1 #-*-coding:utf-8-*-2 __author__='Alex Li'3 4 ImportSYS5 Print(Sys.getdefaultencoding ())6 7 8msg ="I love Beijing Tian ' an gate"9msg_gb2312 = Msg.decode ("Utf-8"). Encode ("gb2312")TenGB2312_TO_GBK = Msg_gb2312.decode ("GBK"). Encode ("GBK") One  A Print(msg) - Print(msg_gb2312) - Print(GB2312_TO_GBK)
In Python2
1 #-*-coding:gb2312-*-#这个也可以去掉2 __author__='Alex Li'3 4 ImportSYS5 Print(Sys.getdefaultencoding ())6 7 8msg ="I love Beijing Tian ' an gate"9 #msg_gb2312 = Msg.decode ("Utf-8"). Encode ("gb2312")Tenmsg_gb2312 = Msg.encode ("gb2312")#The default is Unicode, no more decode, hi Big Ben OneGb2312_to_unicode = Msg_gb2312.decode ("gb2312") AGb2312_to_utf8 = Msg_gb2312.decode ("gb2312"). Encode ("Utf-8") -  - Print(msg) the Print(msg_gb2312) - Print(Gb2312_to_unicode) - Print(Gb2312_to_utf8)
In Python3

004-python Basics-Character encoding and transcoding

Related Article

Contact Us

The content source of this page is from Internet, which doesn't represent Alibaba Cloud's opinion; products and services mentioned on that page don't have any relationship with Alibaba Cloud. If the content of the page makes you feel confusing, please write us an email, we will handle the problem within 5 days after receiving your email.

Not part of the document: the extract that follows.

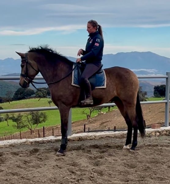 Andalusian gelding, buckskin, born 2020 and ap. 161 cm. "Snickers" is the perfect horse for the rider that wants to do a bit of everything, he has a good rideability and correct movements for dressage, safe and "bomb proof" for hacking and a great mentality to try other activities (WE, show jumping etc.). A positive horse that does everything with a great attitude and his ears forward. Easy to handle and likes attention. Used to go to Ferias and Romerias here in Spain, good with traffic and new environments. He's located in southern Spain and we help with all the steps in the buying process. Read more about us at www.cthorsesales.com Contact: info@cthorsesales.com
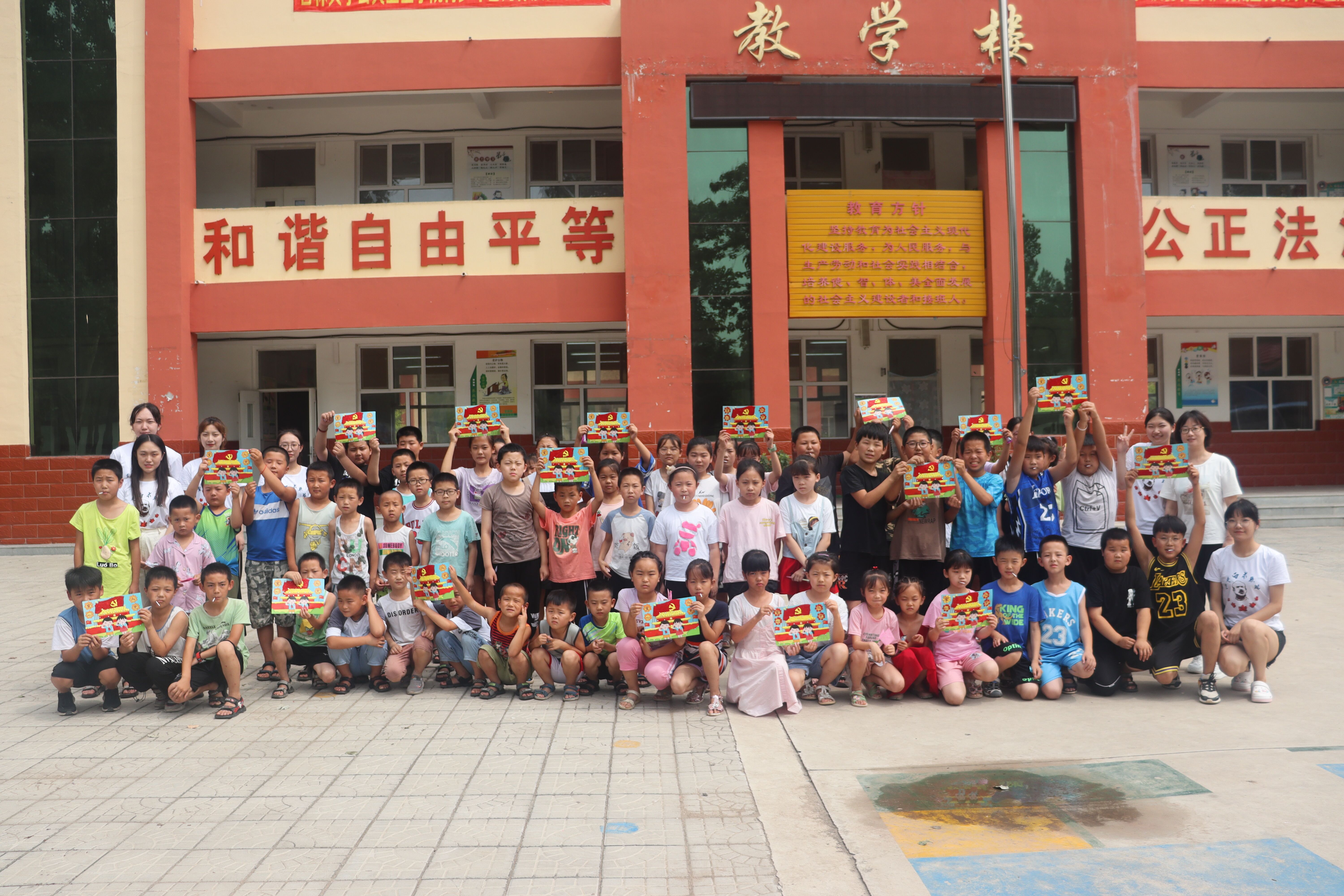 7月15日一早,葛公小学的校门口就聚集了一群活泼可爱的孩子们。他们很早就等候在了校门外,丝毫不知疲惫。有了之前一天的接触,孩子们卸下了防备,开心地与志愿者们聊天。他们精力无限,活泼、天真,他们会软糯地告诉你他们的名字,也会大声地向你提问。他们无所顾忌也会毫无保留,有些淘气却也真诚无私。他们的眼睛很干净,会看见对方很好的地方,也会互相指出不足,从不遮遮掩掩。葛公的孩子们用他们的善良和真实感染了每一名志愿者。今天的第一节课是党史课。两位志愿者首先向孩子们介绍了党史学习的要求、目标、作用,紧接着从红船往事、南昌起义、党史小故事几个方面向孩子介绍了中国共产党的光辉往事。最后,两位志愿者用小测验的形式检验孩子们的学习成果。

If you find any instances of plagiarism from the community, please send an email to: info-contact@alibabacloud.com and provide relevant evidence. A staff member will contact you within 5 working days.

A Free Trial That Lets You Build Big!

Start building with 50+ products and up to 12 months usage for Elastic Compute Service

  • Sales Support

    1 on 1 presale consultation

  • After-Sales Support

    24/7 Technical Support 6 Free Tickets per Quarter Faster Response

  • Alibaba Cloud offers highly flexible support services tailored to meet your exact needs.